EXERCISE → There are pictures in the records below; leave them out and set down exactly the lines from the one holding "进料口大、破碎腔高、适应物料硬度高、块度大、产品石粉少。" through the one holding "- Cuentas por".

EXERCISE DATA →
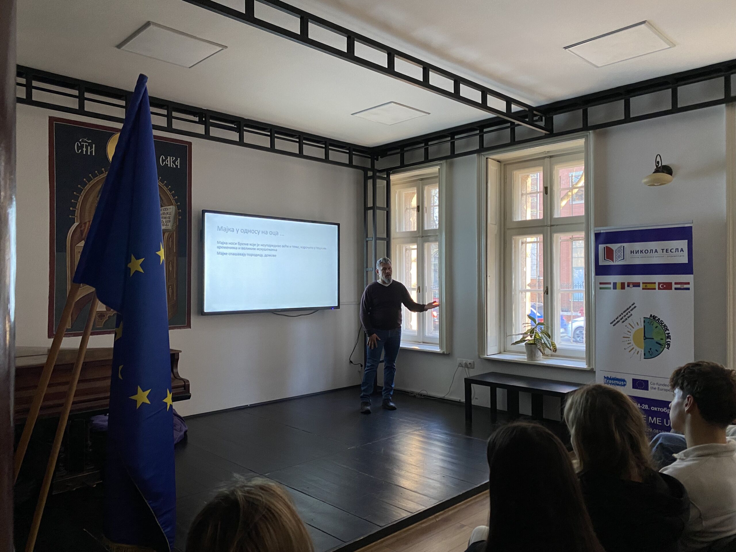 У петак, 28. новембра, у библиотеци наше школе одржано је изузетно предавање вајара Ђорђа Зечевића, посвећено приказу мајке у уметничкој традицији. Полазећи од Пикаса и Рембранта, предавач је открио како су велики уметници кроз векове представљали лик мајке као симбол снаге, љубави и жртве.
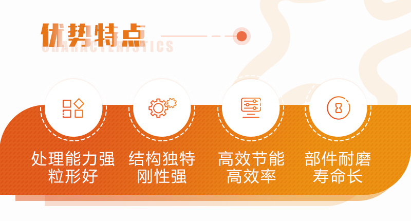 进料口大、破碎腔高、适应物料硬度高、块度大、产品石粉少。
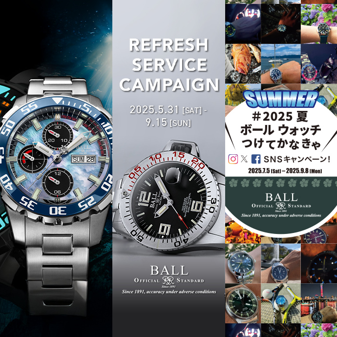 ボール ウォッチ・ジャパンではこの夏、ブランドの魅力をより深く体感いただける3つの特別キャンペーンを実施中です。これからご購入いただくお客様に向けた2つの特典企画―「リフレッシュサービス・キャンペーン」及び「NEDU G5 JAPAN LIMITEDキャンペーン」、そしてご愛用中のお客様への感謝を込めた「#2025夏ボールウォッチつけてかなきゃ・フォトキャンペーン」、それぞれがボール ウォッチの世界観をより特別なものへと引き上げる内容です。
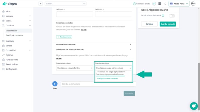 - Cuentas por pagar (Pasivo corriente): las cuentas con este uso estarán disponibles para asociarlas al momento de crear o editar tus contactos. Observa:
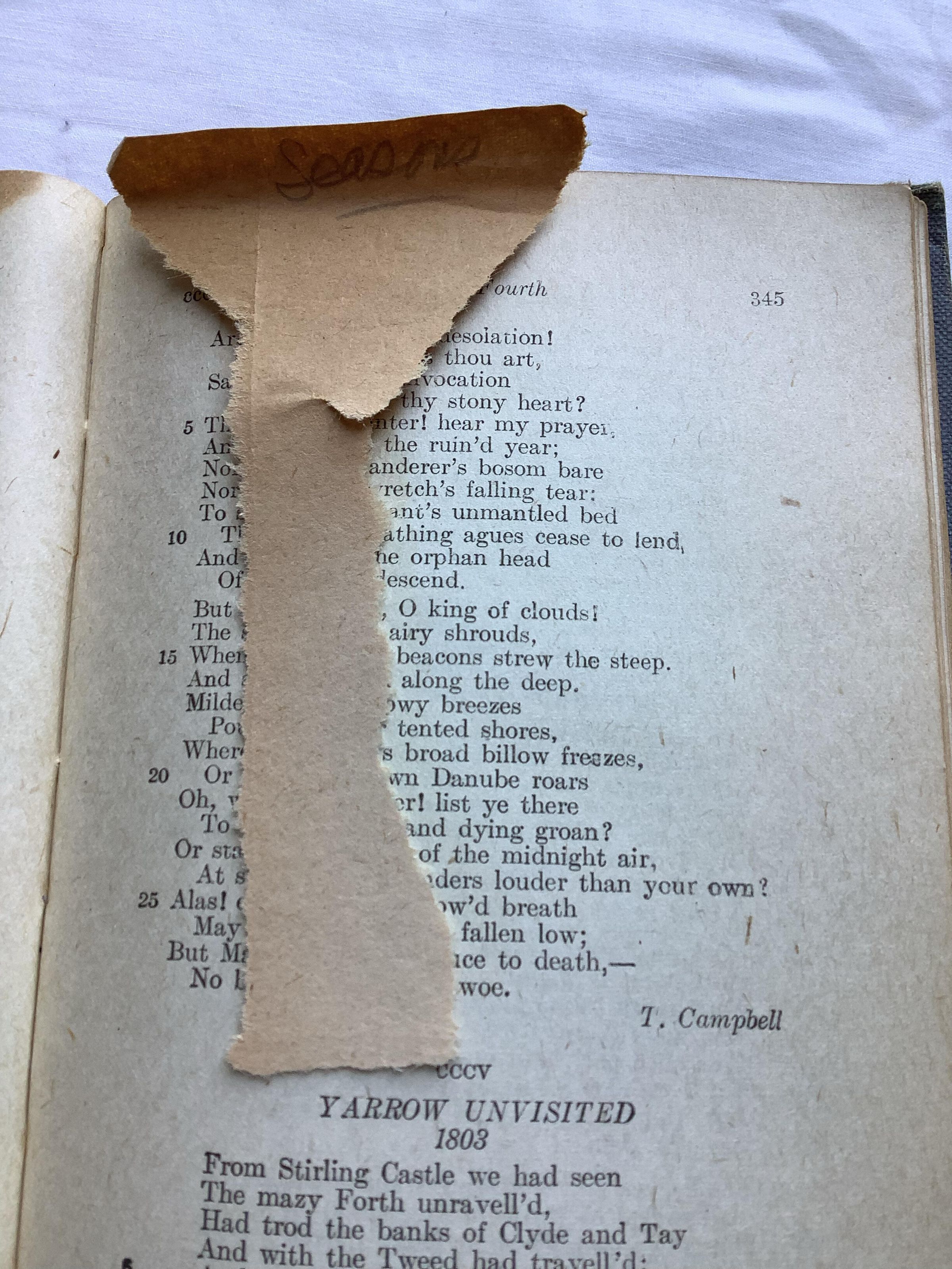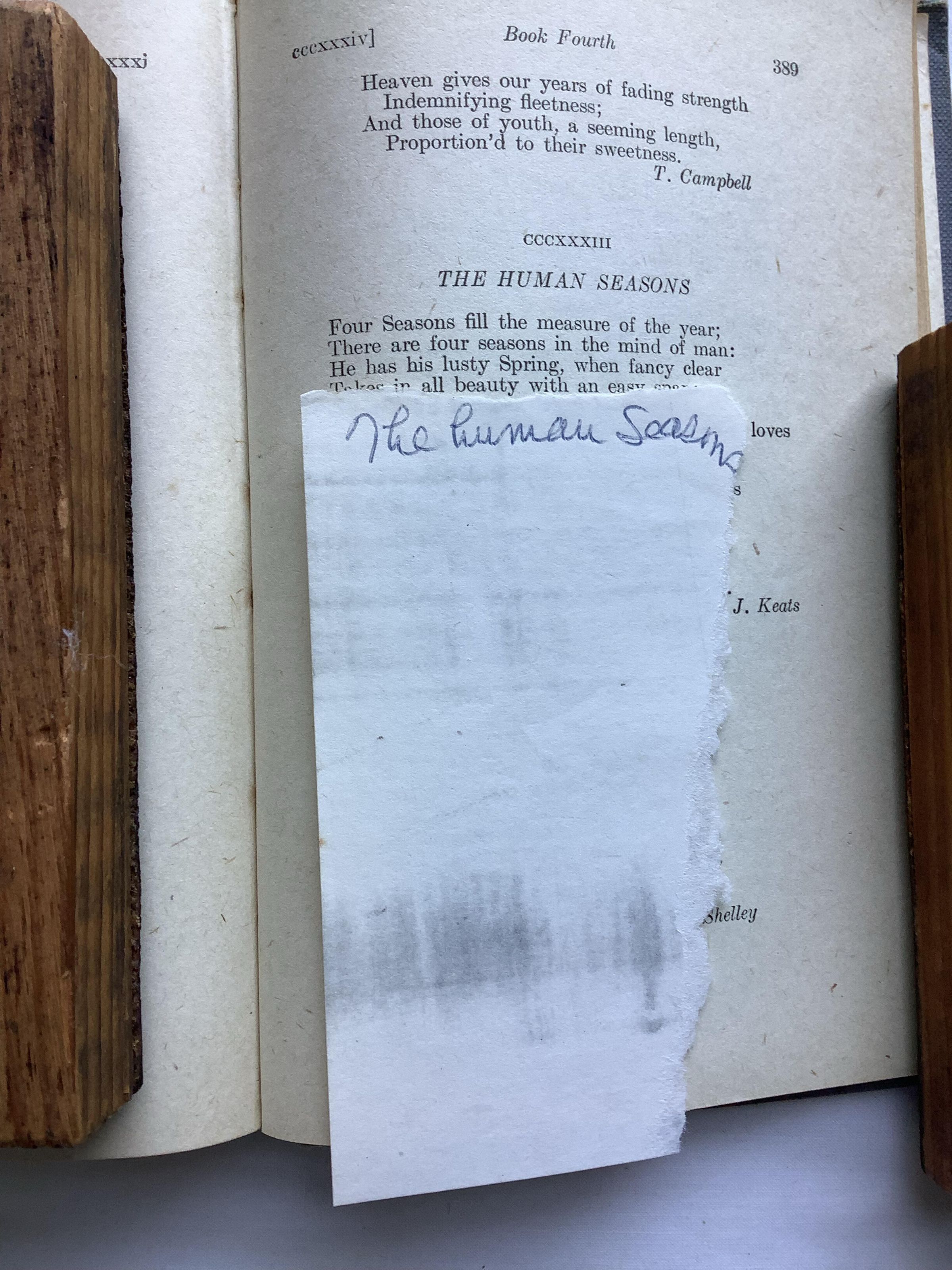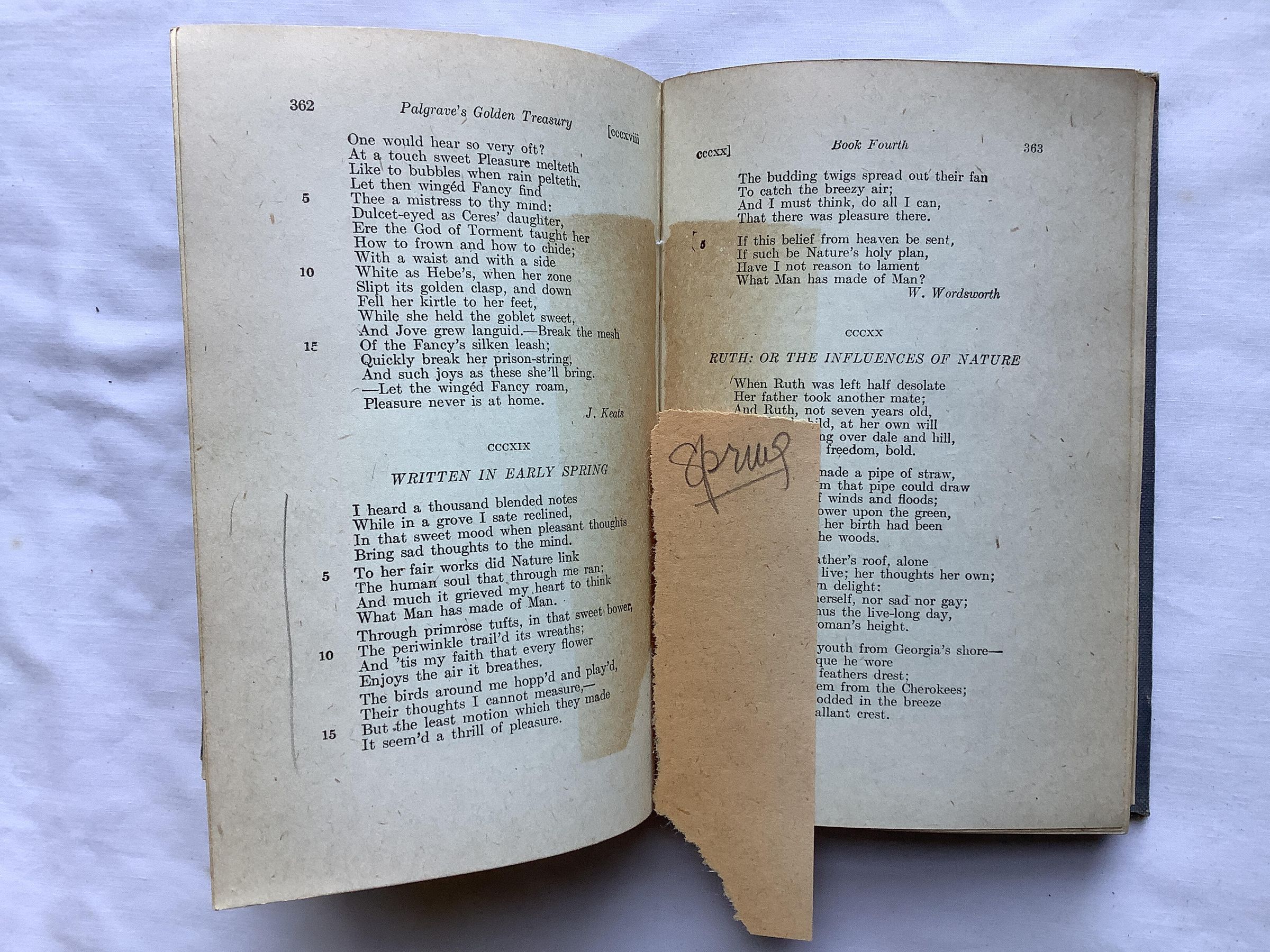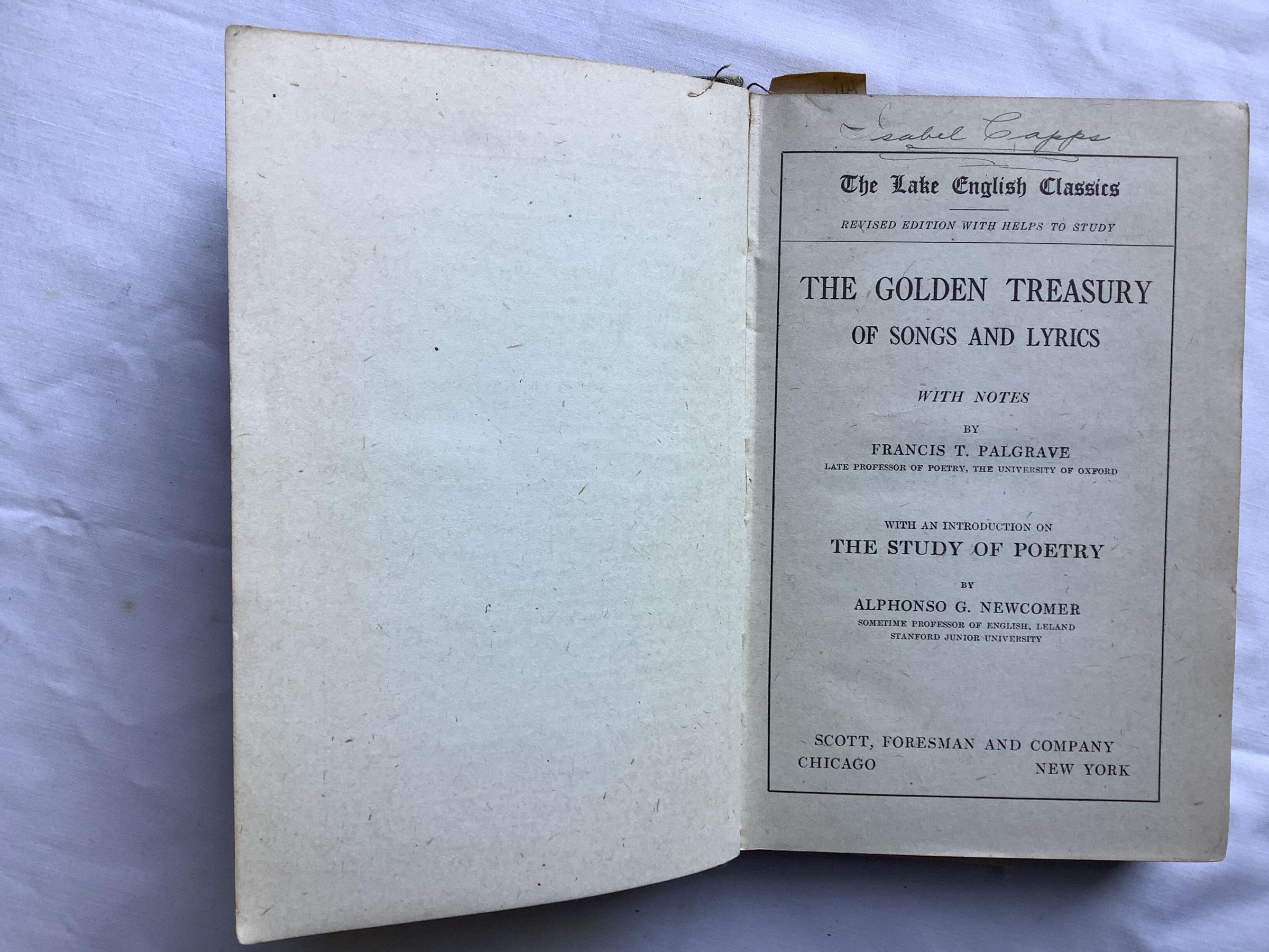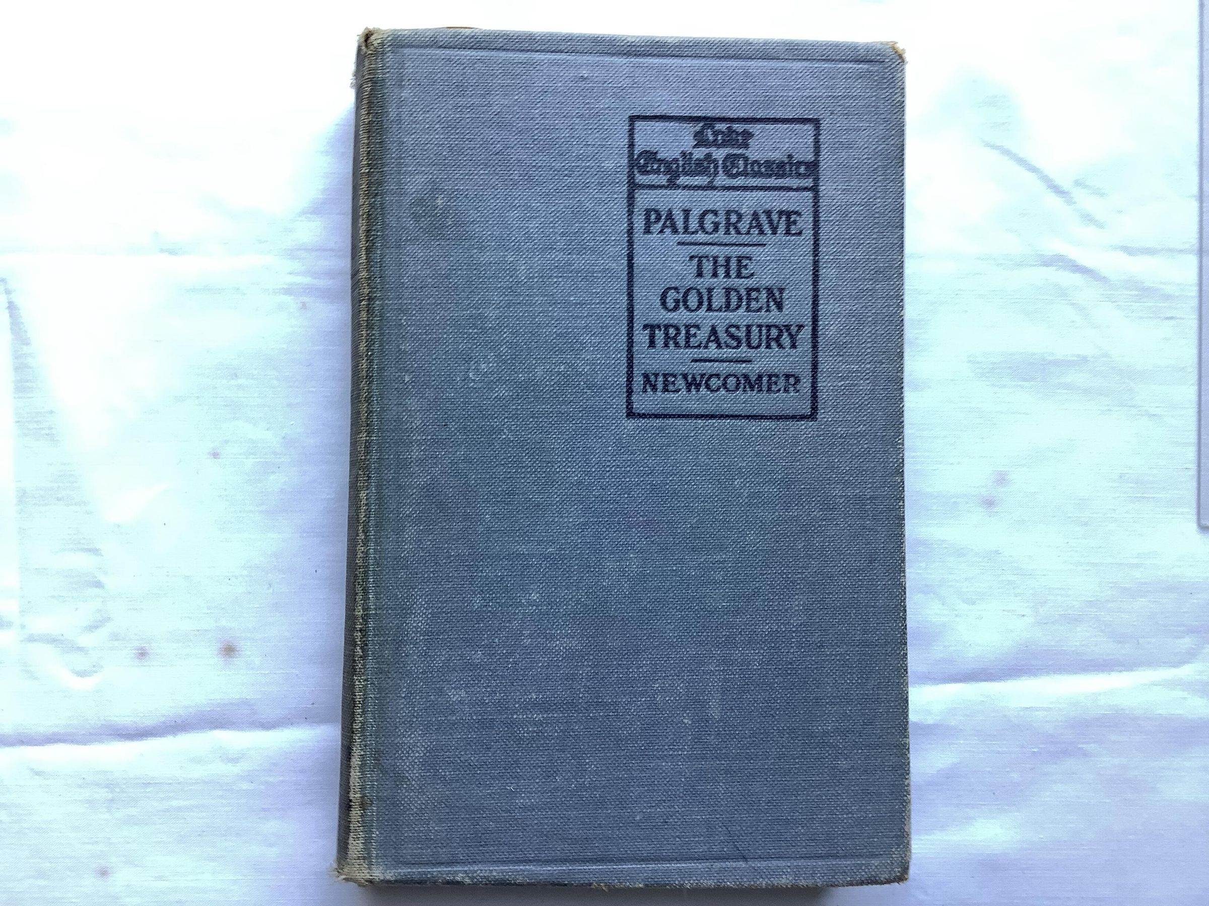 Popular anthology of English poetry, originally selected for publication by Francis Turner Palgrave in 1861. It was considerably revised, with input from Tennyson, about three decades later. Palgrave excluded all poems by poets then still alive. The book continues to be published in regular new editions; still under Palgrave's name. These reproduce Palgrave's selections and notes, but usually include a supplement of more recent poems. --WikipediaInscription/Signature/Marks

EXPECTED ANSWER →
 进料口大、破碎腔高、适应物料硬度高、块度大、产品石粉少。
 ボール ウォッチ・ジャパンではこの夏、ブランドの魅力をより深く体感いただける3つの特別キャンペーンを実施中です。これからご購入いただくお客様に向けた2つの特典企画―「リフレッシュサービス・キャンペーン」及び「NEDU G5 JAPAN LIMITEDキャンペーン」、そしてご愛用中のお客様への感謝を込めた「#2025夏ボールウォッチつけてかなきゃ・フォトキャンペーン」、それぞれがボール ウォッチの世界観をより特別なものへと引き上げる内容です。
 - Cuentas por pagar (Pasivo corriente): las cuentas con este uso estarán disponibles para asociarlas al momento de crear o editar tus contactos. Observa:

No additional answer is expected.